You are getting the "not reachable" error because JoinT1T2T3#run() is never called anywhere.


To Reach JoinT1T2T3#run()

In order for a run() method to be called, an object of its containing class should be explicitly passed to a Thread at construction-time using Thread#(Runnable). For example:

Thread t = new Thread(new JoinT1T2T3());

Now, Thread t will call JoinT1T2T3#run() whenever it starts.


To Run t

Even if t is a daemon, it must still be start()'ed just like any other Thread, or else it will not run. (and thus JoinT1T2T3#run() will never be called) So you need to do this:

Thread t = new Thread(new JoinT1T2T3());
t.setDaemon(true);
t.start();

explaining "daemon" threads

Generally speaking, in Java the only functional difference between a deamon Thread and a non-daemon Thread is that "the Java Virtual Machine exits when the only threads running are all daemon threads" (source). Other than that, a daemon Thread behaves exactly like a non-daemon Thread, syntax and all. It must still be constructed with a Runnable and start()'ed, just like any other Thread.

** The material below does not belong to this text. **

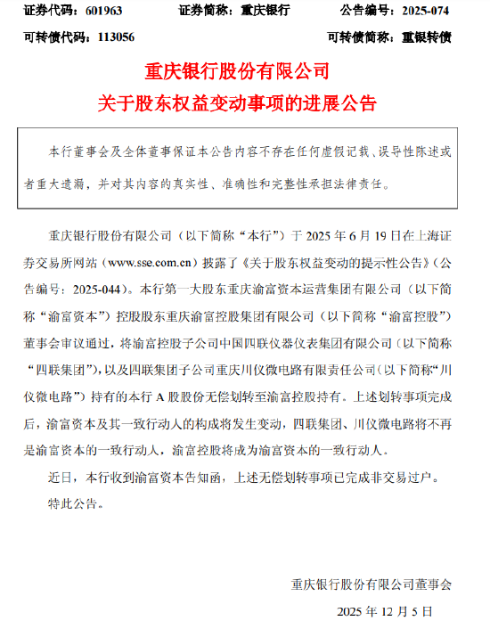 12月5日金融一線消息,重慶銀行發佈公告稱,該行於 2025 年 6 月 19 日在上海證券交易所網站披露了《關於股東權益變動的提示性公告》。第一大股東重慶渝富資本運營集團有限公司(以下簡稱「渝富資本」)控股股東重慶渝富控股集團有限公司(以下簡稱「渝富控股」)董事會審議通過,將渝富控股子公司中國四聯儀器儀表集團有限公司(以下簡稱「四聯集團」),以及四聯集團子公司重慶川儀微電路有限責任公司(以下簡稱「川儀微電路」)持有的重慶銀行A 股股份無償劃轉至渝富控股持有。上述劃轉事項完成後,渝富資本及其一致行動人的構成將發生變動,四聯集團、川儀微電路將不再是渝富資本的一致行動人,渝富控股將成為渝富資本的一致行動人。

However, because a daemon thread may be abruptly terminated when the JVM exits, daemons should be used sparingly. In particular, daemons should not be used for any I/O or resource cleanup. "Normal" guarantees about stuff like finally blocks and stack unwinding don't necessarily apply to daemon threads--if the JVM decides to exit, all daemons are immediately abandoned. (source)

Java daemons should be used only for background housekeeping, bookkeeping, metrics, non-critical monitoring, etc.